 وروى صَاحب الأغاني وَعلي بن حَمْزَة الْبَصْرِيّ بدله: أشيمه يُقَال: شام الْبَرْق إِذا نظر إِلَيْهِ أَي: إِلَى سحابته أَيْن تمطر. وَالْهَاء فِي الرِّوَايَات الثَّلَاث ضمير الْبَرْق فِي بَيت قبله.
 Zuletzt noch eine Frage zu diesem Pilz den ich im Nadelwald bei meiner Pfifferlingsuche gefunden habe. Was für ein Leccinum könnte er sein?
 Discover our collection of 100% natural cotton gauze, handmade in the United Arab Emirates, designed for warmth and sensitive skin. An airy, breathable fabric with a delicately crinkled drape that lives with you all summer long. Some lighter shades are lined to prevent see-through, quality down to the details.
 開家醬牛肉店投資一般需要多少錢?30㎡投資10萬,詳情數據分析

---

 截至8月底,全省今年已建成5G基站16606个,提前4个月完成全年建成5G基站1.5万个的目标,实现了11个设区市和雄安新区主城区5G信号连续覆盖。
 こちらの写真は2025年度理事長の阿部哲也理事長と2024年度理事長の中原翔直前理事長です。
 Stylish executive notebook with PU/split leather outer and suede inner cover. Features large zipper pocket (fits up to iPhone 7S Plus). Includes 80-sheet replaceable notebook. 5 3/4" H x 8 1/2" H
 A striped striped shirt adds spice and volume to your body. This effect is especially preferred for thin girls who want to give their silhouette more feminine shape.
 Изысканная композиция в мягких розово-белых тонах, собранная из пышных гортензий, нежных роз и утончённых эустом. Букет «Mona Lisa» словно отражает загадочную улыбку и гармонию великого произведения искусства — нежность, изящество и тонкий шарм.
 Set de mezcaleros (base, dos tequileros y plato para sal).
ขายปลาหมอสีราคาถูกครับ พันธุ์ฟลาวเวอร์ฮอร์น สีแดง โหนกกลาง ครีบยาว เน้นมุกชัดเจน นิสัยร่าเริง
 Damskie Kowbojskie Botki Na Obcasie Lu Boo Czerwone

---

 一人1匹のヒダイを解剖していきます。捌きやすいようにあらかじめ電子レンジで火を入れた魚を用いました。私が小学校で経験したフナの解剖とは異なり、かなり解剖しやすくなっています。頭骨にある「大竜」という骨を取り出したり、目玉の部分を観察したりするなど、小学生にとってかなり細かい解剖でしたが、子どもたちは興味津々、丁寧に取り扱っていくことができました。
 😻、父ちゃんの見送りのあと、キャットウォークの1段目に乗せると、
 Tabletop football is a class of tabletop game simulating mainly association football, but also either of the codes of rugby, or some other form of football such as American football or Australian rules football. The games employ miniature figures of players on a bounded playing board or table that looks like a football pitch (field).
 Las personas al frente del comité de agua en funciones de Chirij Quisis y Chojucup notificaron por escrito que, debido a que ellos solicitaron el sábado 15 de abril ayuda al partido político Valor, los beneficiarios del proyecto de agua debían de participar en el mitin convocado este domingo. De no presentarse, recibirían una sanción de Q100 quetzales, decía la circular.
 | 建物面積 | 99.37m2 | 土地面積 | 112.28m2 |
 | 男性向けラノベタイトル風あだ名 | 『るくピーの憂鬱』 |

## [EXERCISE DETAILS]
All lines in the listing above from the line containing "截至8月底,全省今年已建成5" to the line containing "Damskie Kowbojskie Botki", inclusive, should be retyped exactly; no other lines should appear.

## [ANSWER SECTION]
 截至8月底,全省今年已建成5G基站16606个,提前4个月完成全年建成5G基站1.5万个的目标,实现了11个设区市和雄安新区主城区5G信号连续覆盖。
 こちらの写真は2025年度理事長の阿部哲也理事長と2024年度理事長の中原翔直前理事長です。
 Stylish executive notebook with PU/split leather outer and suede inner cover. Features large zipper pocket (fits up to iPhone 7S Plus). Includes 80-sheet replaceable notebook. 5 3/4" H x 8 1/2" H
 A striped striped shirt adds spice and volume to your body. This effect is especially preferred for thin girls who want to give their silhouette more feminine shape.
 Изысканная композиция в мягких розово-белых тонах, собранная из пышных гортензий, нежных роз и утончённых эустом. Букет «Mona Lisa» словно отражает загадочную улыбку и гармонию великого произведения искусства — нежность, изящество и тонкий шарм.
 Set de mezcaleros (base, dos tequileros y plato para sal).
ขายปลาหมอสีราคาถูกครับ พันธุ์ฟลาวเวอร์ฮอร์น สีแดง โหนกกลาง ครีบยาว เน้นมุกชัดเจน นิสัยร่าเริง
 Damskie Kowbojskie Botki Na Obcasie Lu Boo Czerwone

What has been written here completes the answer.